### EXERCISE
After removing every image, reproduce the data exactly as it appears.

### STORED DATA

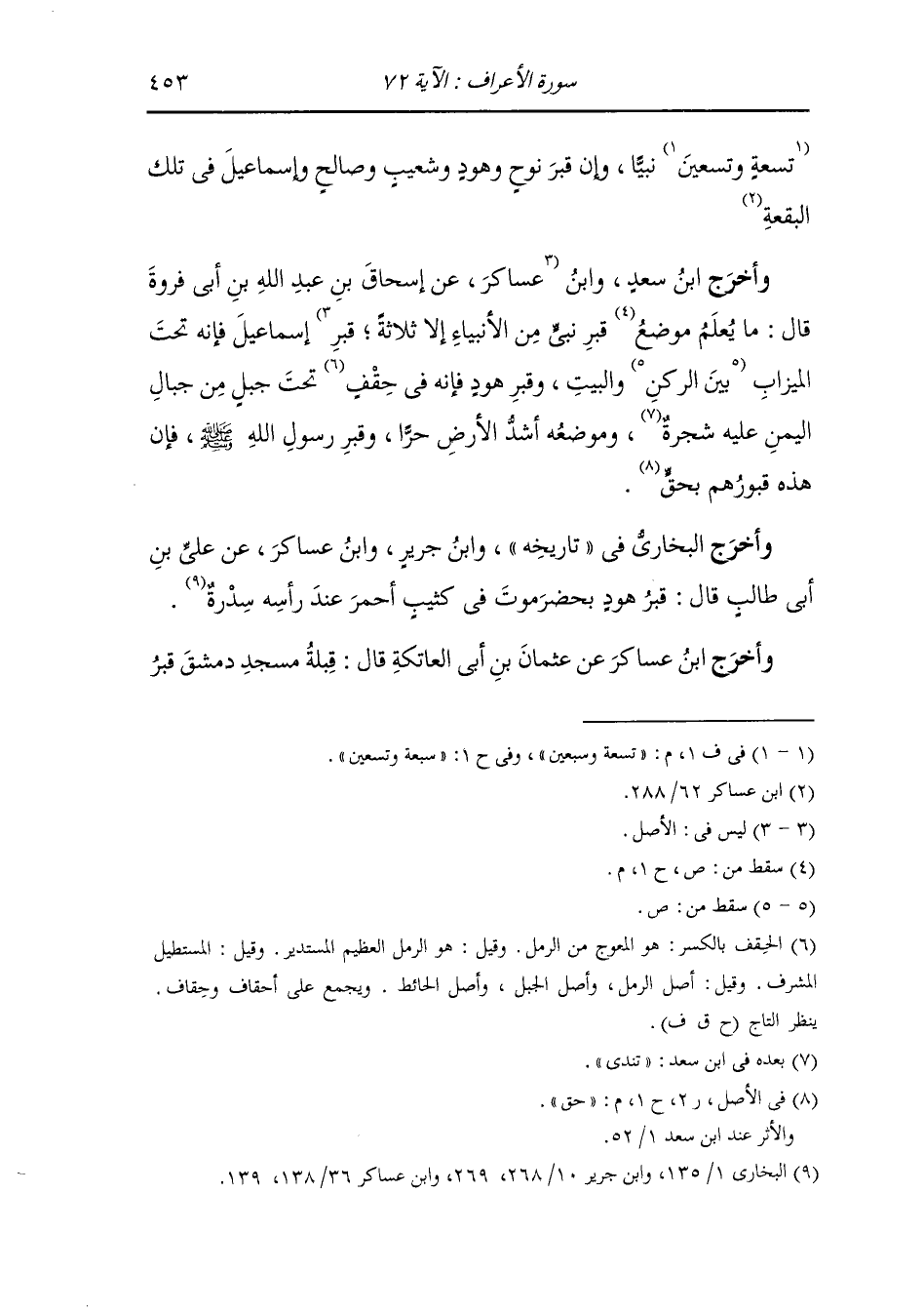 وَأَخرَج ابن سعد ، وَابن عساكر عن إسحاق بن عبد الله بن أبي فروة قال : ما يعلم قبر نبي من الأنبياء إلا ثلاثة 0 قبر إسمعيل فإنه تحت الميزاب بين الركن والبيت وقبر هود فإنه في حقف تحت جبل من جبال اليمن عليه شجرة وموضعه أشد الأرض حرا وقبر رسول الله صلى الله عليه وسلم فإن هذه قبورهم حق.
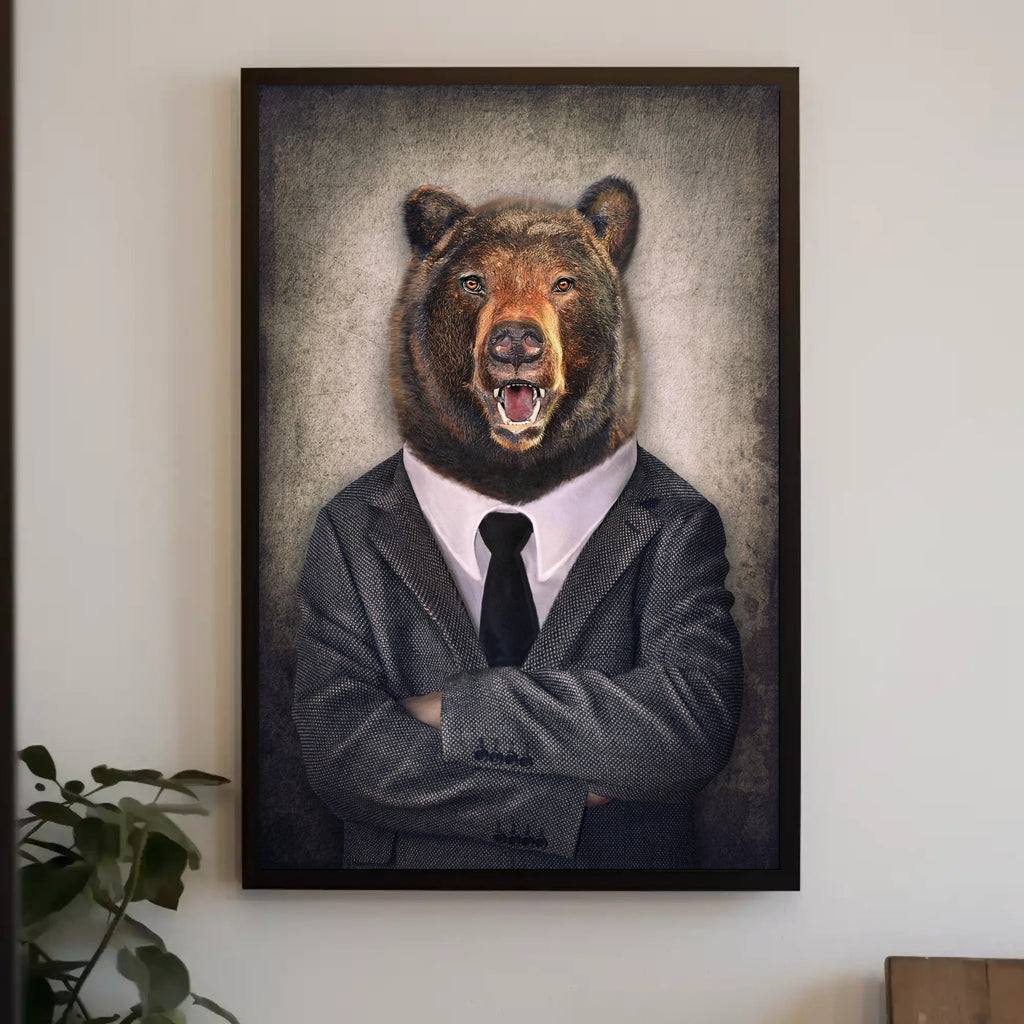 Bring humor, curiosity, and bold personality to your walls with the "Bear in Business Suit" Artistic Poster from PosterGoat. This photorealistic, surreal print blends nature and corporate style—an expertly rendered bear head atop a crisply tailored suit with arms confidently crossed—creating a striking focal point for home offices, modern living rooms, or corporate spaces.
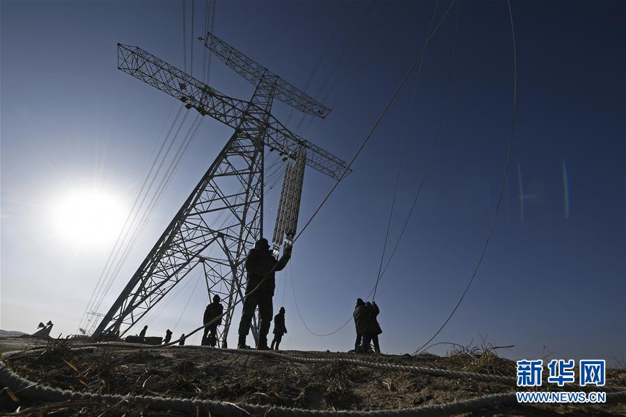 在昌吉——古泉±1100千伏特高壓直流輸電工程寧夏固原段,施工人員進行線路貫通結尾工程作業
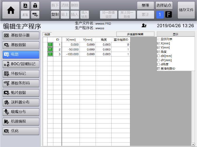 在[编辑生产程序]菜单画面的[电路]、[BOC 领域标记]、[坏板标记]、[基板代码]、[贴片

### FINISHED EXERCISE
 وَأَخرَج ابن سعد ، وَابن عساكر عن إسحاق بن عبد الله بن أبي فروة قال : ما يعلم قبر نبي من الأنبياء إلا ثلاثة 0 قبر إسمعيل فإنه تحت الميزاب بين الركن والبيت وقبر هود فإنه في حقف تحت جبل من جبال اليمن عليه شجرة وموضعه أشد الأرض حرا وقبر رسول الله صلى الله عليه وسلم فإن هذه قبورهم حق.
 Bring humor, curiosity, and bold personality to your walls with the "Bear in Business Suit" Artistic Poster from PosterGoat. This photorealistic, surreal print blends nature and corporate style—an expertly rendered bear head atop a crisply tailored suit with arms confidently crossed—creating a striking focal point for home offices, modern living rooms, or corporate spaces.
 在昌吉——古泉±1100千伏特高壓直流輸電工程寧夏固原段,施工人員進行線路貫通結尾工程作業
 在[编辑生产程序]菜单画面的[电路]、[BOC 领域标记]、[坏板标记]、[基板代码]、[贴片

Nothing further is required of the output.